Problem statement | Everything in the listing that follows should be reproduced exactly except the pictures.

Available data |
<<<<

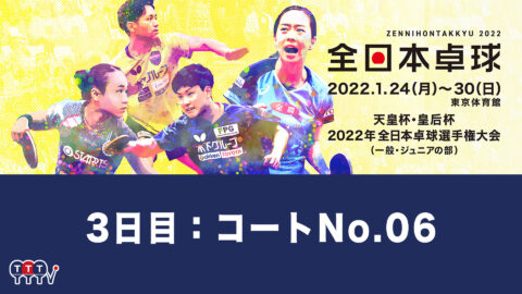 2022年全日本卓球選手権大会【3日目:1/26】:コートNo. 06<見逃し配信>
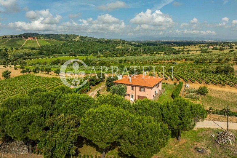Organic winery-vineyard immersed in the Tuscan Maremma countryside, a few km from the city of Grosseto, 270sqm manor villa and 27 hectares of land and outbuildings. Description The property is accessed after driving about 1km of dirt road, but easily accessible. You enter the estate through an electric gate and find a large parking space that can accommodate several vehicles. The villa is divided into two levels of about 135 square meters each. At the entrance of the villa we find a large openspace with a large kitchenette and living room with fireplace, a double bedroom and a bathroom. On the second level we can appreciate the sleeping area, with 2 large double bedrooms and another bathroom. In the basement cellar and garage. State and Finishes The property is in excellent state of renovation, is equipped with air conditioning, rooftop photovoltaic system in production and a solar panel for hot water. The floors are ceramic, the fixtures are wooden, as well as the interior doors of the villa. Large volumes that can be redistributed according to the needs of the new owner. Outdoor Spaces The villa is surrounded by large and well-kept garden and surrounded by a nice porch, ideal for outdoor dining in summer. Adjacent to the villa a shed of about 300 square meters with the complete equipment for working the fields. The land is 27 hectares divided as follows: 9.8 hectares of vineyard with irrigation system (1.5H Morellino di Scansano DOC, 4.1H of DOC Maremma Rosso, 3.1H Vermentino Doc Maremma, 1.4H of Vionier Doc Maremma),1250 beautiful centuries-old olive trees in production of Excellent Organic Oil and the remaining to arable land. Pertinent to the property there are also 3 private wells and autoclaves for water storage. Potential uses The property is ideal for a family who wants to live in the tranquility of the countryside, while remaining a few kilometers from the city and all in services. Location The excellent and strategic location allows you to reach the city in a few minutes by car and the beaches of the Maremma coast. Nearby we find the city of Grosseto, Castiglione della Pescaia at 30 minutes and the beaches of Argentario at 40 km.
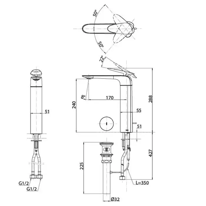 TOTO ZA Смеситель для раковины высокий на 1 отв,со сливным клапаном, цвет: хром
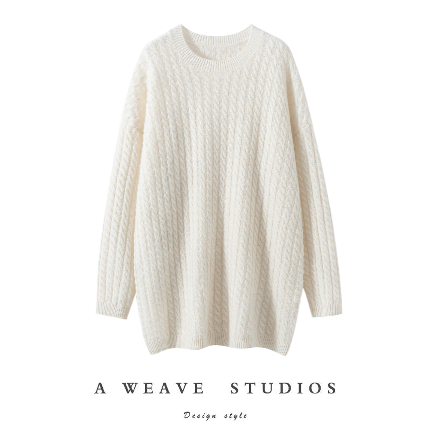 松弛风穿搭!100%纯山羊绒衫女秋冬款圆领中长款双股绞花宽松毛衣

>>>>

Solved problem |
 2022年全日本卓球選手権大会【3日目:1/26】:コートNo. 06<見逃し配信>
Organic winery-vineyard immersed in the Tuscan Maremma countryside, a few km from the city of Grosseto, 270sqm manor villa and 27 hectares of land and outbuildings. Description The property is accessed after driving about 1km of dirt road, but easily accessible. You enter the estate through an electric gate and find a large parking space that can accommodate several vehicles. The villa is divided into two levels of about 135 square meters each. At the entrance of the villa we find a large openspace with a large kitchenette and living room with fireplace, a double bedroom and a bathroom. On the second level we can appreciate the sleeping area, with 2 large double bedrooms and another bathroom. In the basement cellar and garage. State and Finishes The property is in excellent state of renovation, is equipped with air conditioning, rooftop photovoltaic system in production and a solar panel for hot water. The floors are ceramic, the fixtures are wooden, as well as the interior doors of the villa. Large volumes that can be redistributed according to the needs of the new owner. Outdoor Spaces The villa is surrounded by large and well-kept garden and surrounded by a nice porch, ideal for outdoor dining in summer. Adjacent to the villa a shed of about 300 square meters with the complete equipment for working the fields. The land is 27 hectares divided as follows: 9.8 hectares of vineyard with irrigation system (1.5H Morellino di Scansano DOC, 4.1H of DOC Maremma Rosso, 3.1H Vermentino Doc Maremma, 1.4H of Vionier Doc Maremma),1250 beautiful centuries-old olive trees in production of Excellent Organic Oil and the remaining to arable land. Pertinent to the property there are also 3 private wells and autoclaves for water storage. Potential uses The property is ideal for a family who wants to live in the tranquility of the countryside, while remaining a few kilometers from the city and all in services. Location The excellent and strategic location allows you to reach the city in a few minutes by car and the beaches of the Maremma coast. Nearby we find the city of Grosseto, Castiglione della Pescaia at 30 minutes and the beaches of Argentario at 40 km.
 TOTO ZA Смеситель для раковины высокий на 1 отв,со сливным клапаном, цвет: хром
 松弛风穿搭!100%纯山羊绒衫女秋冬款圆领中长款双股绞花宽松毛衣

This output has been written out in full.